The WisdomTree LargeCap Dividend ETF (NYSE:DLN) is meant to track the performance of the largest U.S. dividend-paying stocks. The allure here is that companies able to regularly distribute payouts to shareholders generally present stronger fundamentals with lower risk and potentially higher total returns. Indeed, the fund has a value-tilt while offering a 2.7% yield which is attractive relative to the broader equity market. While the fund benefits from a portfolio built around high-quality stocks, DLN suffers from what we view are structural weaknesses in dividend weighted index tracking methodology. The combination of disappointing performance history and poor risk profile, despite similar exposure to broad index funds, limits DLN’s value in the context of a diversified portfolio. We recommend investors avoid this strategy and look for alternative dividend-focused ETFs.
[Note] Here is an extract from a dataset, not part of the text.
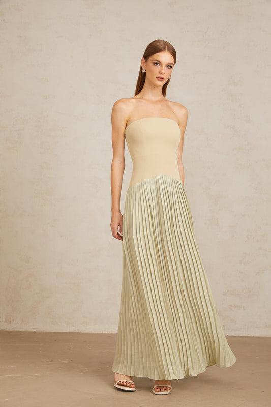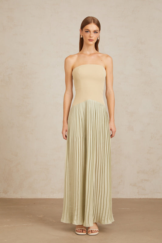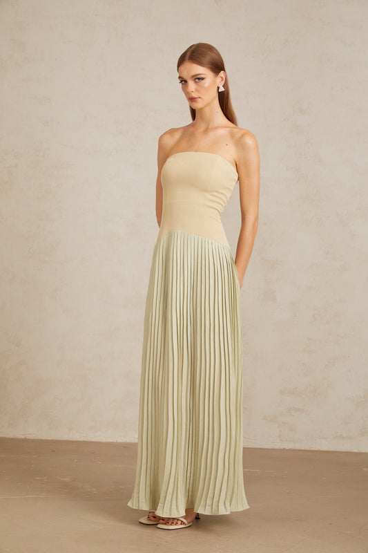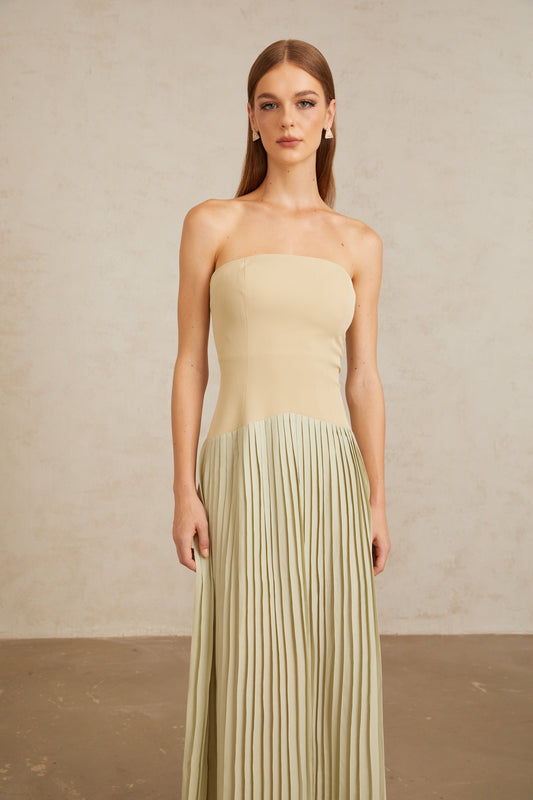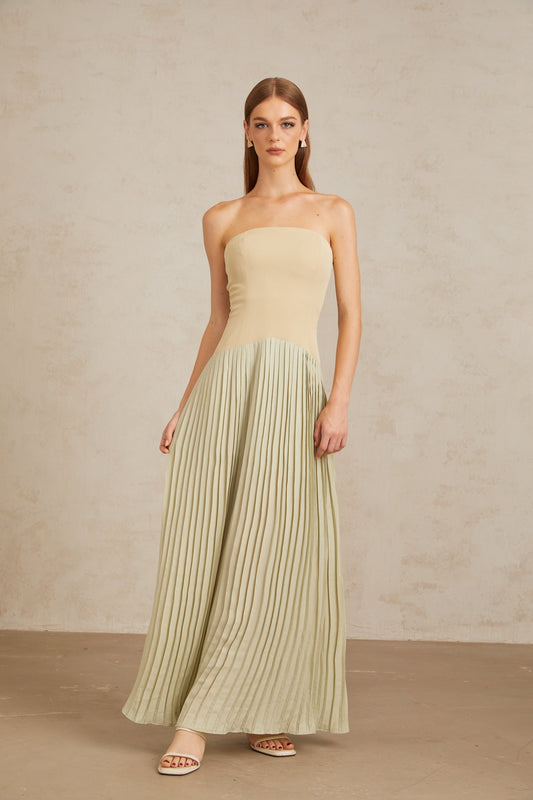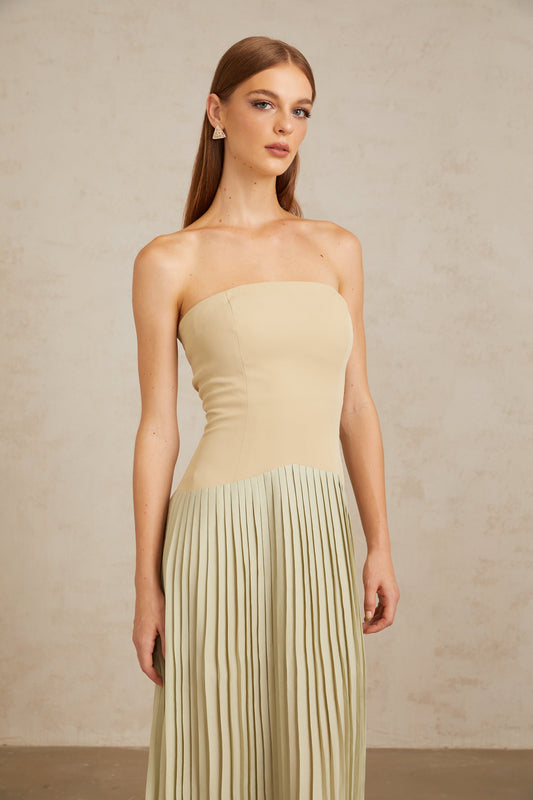 Mirja Green Pleated Corset Maxi Dress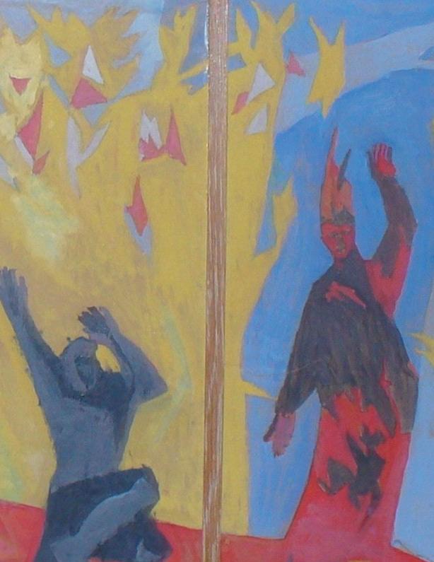 Plötsligtennattislutetav 1930-talet förmådde hangenom konstengestaltasinadjupt andligaerfarenheter. Ilängtan efter befrielsehadehansandliga ochhanskonstnärliga världförenats, befruktats ochberikats. Upplevelsernatog gestalt, flödadesom rytmer, former ochsymbolerutöverpappersarksom hanhadeframför sigpågolvet. Hanvar hudlös idenna gränslösadimension.Som en eteriskpilgrimsled växteandensvisuella språkfram. Ibland somskörpoesi,iblandmed dramatiskvåldsamhet.

DLN is designed to track the ‘WisdomTree U.S. LargeCap Dividend Index’ comprised of the 300 largest companies ranked by market capitalization. An important aspect of the tracking index methodology is that holdings are dividend-weighted, which reflects the proportionate share of the projected aggregate year-ahead cash payout for each underlying company based on the most recent distribution.
The result is that Apple Inc. (AAPL) which only yields 0.7%, but distributes over $14 billion in total annual dividends, and Microsoft Corp. (MSFT) paying out $15.1 billion in dividends are the two largest current holdings of the fund. Separately, a high-yield stalwart like AT&T Inc. (T) with a 7.25% yield is among the top holdings as the company’s annual cash distribution of $14.9 billion over the past year is also among the largest in the market.
(Source: data by YCharts/ table by author)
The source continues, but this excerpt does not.